Category Archives: scraping

Looking at the number of “concurrent” readers on the Süddeutsche Zeitung articles

I scraped the numbers of live readers per article published by Süddeutsche Zeitung on their website for more than 3 years, never did anything too interesting with it and just decided to stop. Basically they publish a list of stories and their estimated current concurrent number of readers. Meaning you get a timestamp -> story/URL -> number of current readers. Easy enough and interesting for sure.

Here is how it worked, some results and data for you to build upon. Loads of it is stupid and silly, this is just me dumping it publicly so I can purge it.

Database

For data storage I chose the dumbest and easiest approach because I did not care about efficiency. This was a bit troublesome later when the VPS ran out of space but … shrug … I cleaned up and resumed without changes. Usually it’s ok to be lazy. :)

So yeah, data storage: A SQLite database with two tables:

CREATE TABLE visitors_per_url (
    timestamp TEXT,    -- 2022-01-13 10:58:00
    visitors INTEGER,  -- 13
    url TEXT           -- /wissen/zufriedenheit-stadt-land-1.5504425
);

CREATE TABLE visitors_total (
    timestamp TEXT,    -- 2022-01-13 10:58:00
    visitors INTEGER   -- 13
);

Can you spot the horrible bloating issue? Yeah, when the (same) URLs are stored again and again for each row, that gets big very quickly. Well, I was too lazy to write something smarter and more “relational”. Like this it is only marginally better than a CSV file (I used indexes on all the fields as I was playing around…). Hope you can relate. :o)

Scraping

#!/usr/bin/env python3

from datetime import datetime
from lxml import html
import requests
import sqlite3
import os

# # TODO
# - store URLs in a separate table and reference them by id, this will significantly reduce size of the db :o)
#     - more complicated insertion queries though so ¯\\\_(ツ)\_/¯

# The site updates every 2 minutes, so a job should run every 2 minutes.

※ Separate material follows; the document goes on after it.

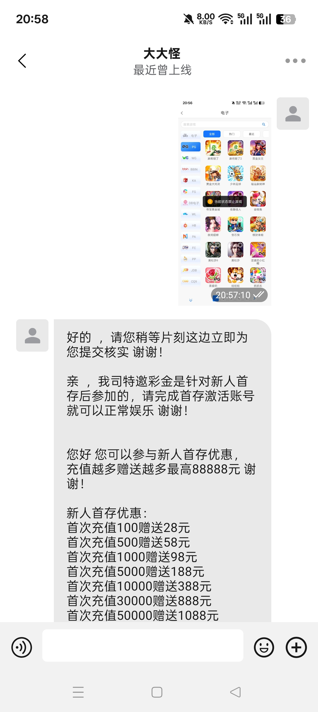 千万不要充值?不充值账号都不能玩任何游戏,58送给你你点游戏都会显示当前状态禁止游戏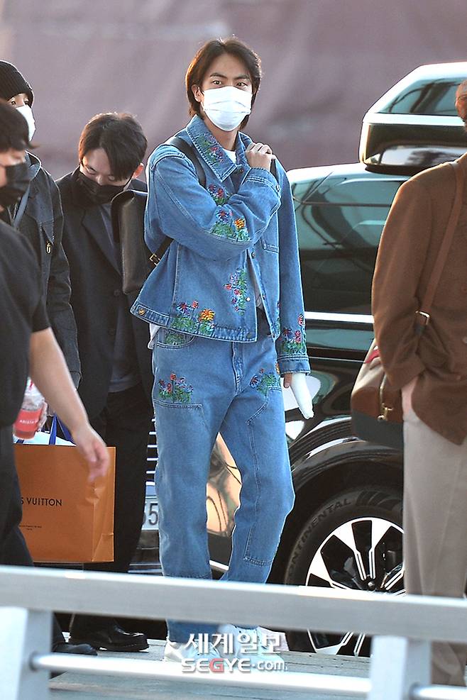 그룹 방탄소년단 진이 28일 오후 '제64회 그래미 어워드 시상식' 및 미국 콘서트 일정을 위해 인천국제공항을 통해 미국 로스엔젤레스로 출국하고 있다.

# # Create database if not exists
sql_initialise = """
CREATE TABLE visitors_per_url (timestamp TEXT, visitors INTEGER, url TEXT);
CREATE TABLE visitors_total (timestamp TEXT, visitors INTEGER);
CREATE INDEX idx_visitors_per_url_timestamp ON visitors_per_url(timestamp);
CREATE INDEX idx_visitors_per_url_url ON visitors_per_url(url);
CREATE INDEX idx_visitors_per_url_timestamp_url ON visitors_per_url(timestamp, url);
CREATE INDEX idx_visitors_total_timestamp ON visitors_total(timestamp);
CREATE INDEX idx_visitors_per_url_timestamp_date ON visitors_per_url(date(timestamp));
"""

if not os.path.isfile("sz.db"):
    conn = sqlite3.connect('sz.db')
    with conn:
        c = conn.cursor()
        c.executescript(sql_initialise)
    conn.close()

# # Current time
# we don't know how long fetching the page will take nor do we
# need any kind of super accurate timestamps in the first place
# so let's truncate to full minutes
# WARNING: this *floors*, you might get visitor counts for stories
# that were released almost a minute later! timetravel wooooo!
now = datetime.now()
now = now.replace(second=0, microsecond=0)
print(now)

# # Get the webpage with the numbers
page = requests.get('https://www.sueddeutsche.de/news/activevisits')
tree = html.fromstring(page.content)
entries = tree.xpath('//div[@class="entrylist__entry"]')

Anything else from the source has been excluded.